Then one afternoon, my sister-in-law called. I was driving to Eugene, Oregon to see my daughter
when I received the call. I told my sister-in-law that the symptoms were getting worse and I was
concerned about her. My sister-in law had recently heard of PCOS and thought that my
daughter’s symptoms seemed to be very similar. She recommended that I make an appointment
with and endocrinologist who had more experience with hormones. By the grace of the
endocrinologist, she was able to see my daughter the next day. She confirmed that it was PCOS.

From there my daughter took it upon herself to start researching PCOS and how she could take
back her health naturally. She wanted to avoid taking medications like metformin and hormonal
therapy.
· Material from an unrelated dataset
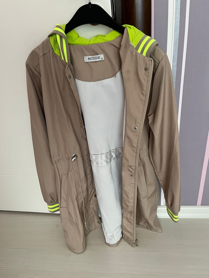 Bej renkte, düğmeli ve uzun kollu midi kadın ceket. Sentetik kumaştan, bol kesim ve yakasında kesik detay bulunur. Kapüşon ve manşetlerde gri-neon sarı çizgiler mevcuttur. 38-40 beden uyumlu
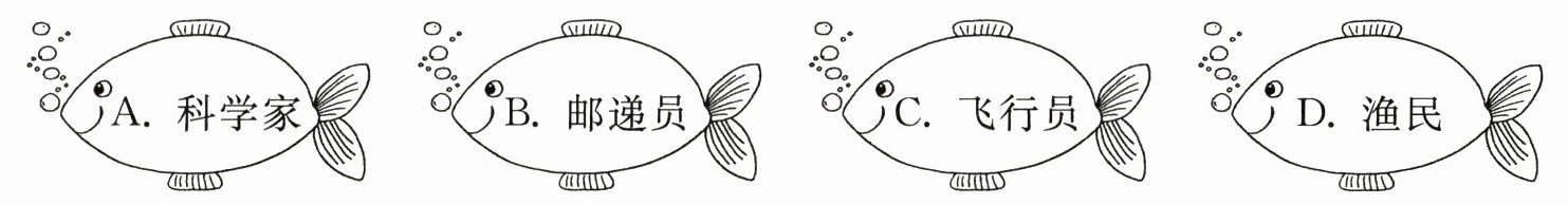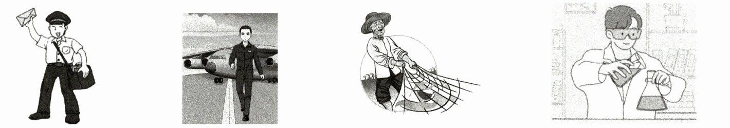 1. postman (B) 2. pilot (C) 3. fisherman (D) 4. scientist (A)

Her research led her to several helpful resources which I will link to at the end of this
article. So now that you know how I became interested in PCOS let’s take a look at what PCOS is,
what the common symptoms are, and most importantly, some helpful tips to manage symptoms
or possibly alleviate symptoms altogether.

The PCOS Puzzle
First things first, let’s get a clear picture of what PCOS is. This condition is often characterized by
hormonal imbalances, insulin resistance, and ovarian cysts. It can manifest in various ways, with
symptoms like irregular periods, acne, weight gain, hair thinning, and fertility issues.

PCOS symptoms vary from person to person, however there is one symptom that is common
among most women and that is insulin resistance. Insulin resistance is a condition where the
body has trouble using insulin effectively, leading to elevated blood sugar levels. This can
contribute to various health concerns, including weight gain and an increased risk of type 2
diabetes. It’s unclear in the medical world why the two conditions are correlated but what we
do know is that managing insulin is one of the most effective tools to reducing other PCOS
symptoms.

To the best of my knowledge PCOS is not a condition that is typically out grown or healed
completely. But the good news is that PCOS can be managed and its symptoms can be alleviated
through lifestyle changes, including dietary choices, regular exercise, and stress management.
Embracing a low-glycemic diet that is nutrient dense and helps reduce blood sugar can be
extremely beneficial for managing PCOS naturally.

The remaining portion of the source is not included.